Recently the Alabama Court of Civil Appeals held that a mortgagee’s notice of acceleration failed to strictly comply with the mortgage’s notice provisions when it informed the borrower only that she “may” have right to assert defenses against foreclosure, rather than apprising her that she had an affirmative right to bring an action against the mortgagee. This case serves as a cautionary tale for lenders and mortgage servicers who are considering foreclosure.
In 2002, Terri Barnes and Autrey Fletcher executed a mortgage (the “Mortgage”) on a parcel of property in Birmingham, Alabama (the “Property”) in favor of Hometown Mortgage Services (“HMS”). Fletcher passed away, and Barnes assumed all liability under the Mortgage and the loan it secured (the “Loan”).
In the event that Barnes defaulted on the Mortgage, Paragraph 22 of the Mortgage required HMS to give notice to Barnes before accelerating the Loan. Among other things, Paragraph 22 required HMS to inform Barnes “of the right to bring a court action to assert the non-existence of a default or any other defense . . . to acceleration and sale” of the Property.
In 2012, The Bank of New York Mellon Trust Company, National Association (“BONY”) succeeded to HMS’s rights under the Mortgage. Barnes fell behind on her payments, and Ocwen Loan Servicing, LLC (“Ocwen”), acting on behalf of BONY, sent a notice of default to Barnes (the “Notice”) which provided: “You may have the right to assert in court the non-existence of a default or any other defense to acceleration or foreclosure.”
In 2017, BONY accelerated the Loan and purchased the Property at a foreclosure sale. When Barnes continued to live at the Property, BONY sued Barnes for ejectment and damages.
Prior to trial, BONY conveyed its interest in the Mortgage to U.S. Bank National Association (“U.S. Bank”). Barnes challenged the sufficiency of the Notice, but the trial court ruled that the Notice complied with the requirements of Paragraph 22 because it informed Barnes “of . . . her right to assert non-existence of default and other defenses in court,” and noted that there was no evidence that Barnes was prejudiced by any alleged deficiencies in the Notice.
On appeal, the Alabama Court of Civil Appeals disagreed, holding that the Notice failed to satisfy the requirements of Paragraph 22.
“Strict compliance, not merely substantial compliance” with the notice provisions of a mortgage instrument was a prerequisite to a valid foreclosure sale.
The Court first established that Barnes’ challenge to the legality of BONY’s foreclosure on the grounds that the Notice was insufficient constituted a collateral, rather than direct, attack on the foreclosure. Therefore, under Alabama law, Barnes was only entitled to relief if she could show that the foreclosure sale was void ab initio, rather than voidable. The Court then explained that under the Alabama Supreme Court’s decision in Ex Parte Turner, “strict compliance, not merely substantial compliance” with the notice provisions of a mortgage instrument was a prerequisite to a valid foreclosure sale. Therefore, whether or not Barnes was prejudiced by the alleged deficiencies in the Notice was irrelevant. If BONY did not strictly comply with Paragraph 22, then the foreclosure was void.
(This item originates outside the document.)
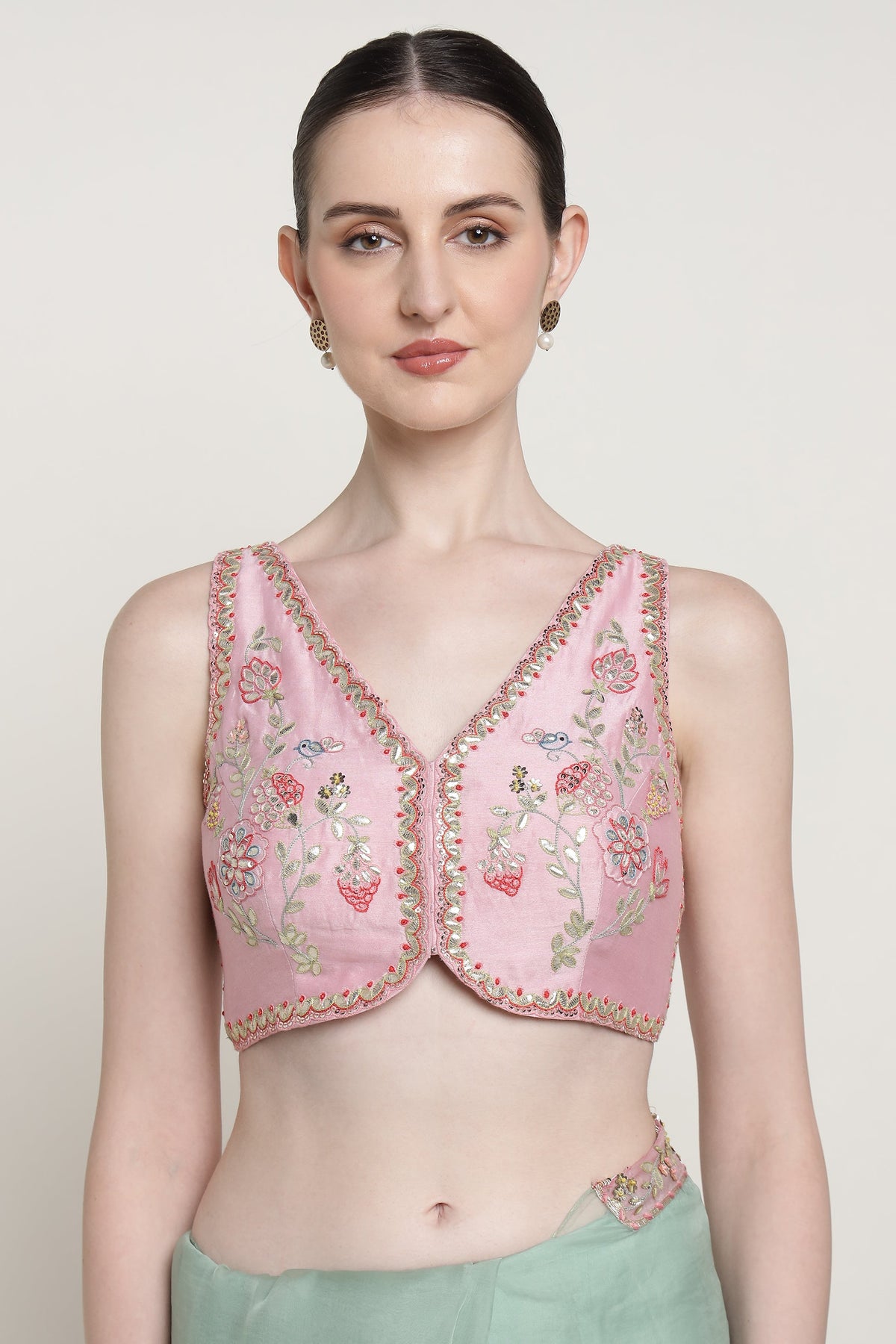 A soft aqua organza saree adorned with delicate floral embroidery and a scalloped border, paired with a blush pink hand-embroidered blouse. Light, graceful, and effortlessly elegant, it’s designed for daytime wedding functions and festive occasions that call for refined, modern charm.
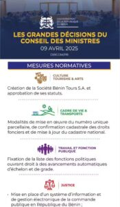 ActuPolitique Bénin : Voici les grandes décisions du conseil des ministres de ce mercredi 09 avril 2025 By Rédaction Last updated Avr 9, 2025 Share Les grandes décisions du conseil des ministres de ce 09 avril 2025. ActuBéninConseil des ministres de ce mercredi 09 Avril 2025Grandes décisionsPolitique Share FacebookTwitterGoogle+ReddItWhatsAppPinterestEmail

The Court then held that the Notice failed to strictly comply with Paragraph 22 because rather than informing Barnes of her right to bring an action against BONY, which would afford her the opportunity to bring a direct attack, the Notice merely stated that Barnes “may have the right” to assert defenses to the foreclosure in a court action. Because the Notice did not affirmatively apprise Barnes of the right to bring an action, it risked misleading Barnes into believing that she did not need to, or that she could wait for BONY to bring an action against her. However, as the Court alluded to, in a non-judicial foreclosure state like Alabama, BONY would likely never bring such a lawsuit.
Failure to strictly comply with a mortgage’s notice provisions can make or break a foreclosure.
The Court held that the Notice was further insufficient because its use of the term “may” suggested that Barnes’ unconditional right to bring an action against BONY was subject “to some unknown and unspecified condition.” The Court reversed the judgment for ejectment in favor of U.S. Bank, and remanded for entry of judgment consistent with its opinion.
The Barnes case should serve as a reminder to lenders and servicers to closely review their mortgage provisions before initiating the foreclosure process. While the issuance of a notice of acceleration may seem like a routine act for many large lenders, failure to strictly comply with the mortgage’s notice provisions can make or break a foreclosure.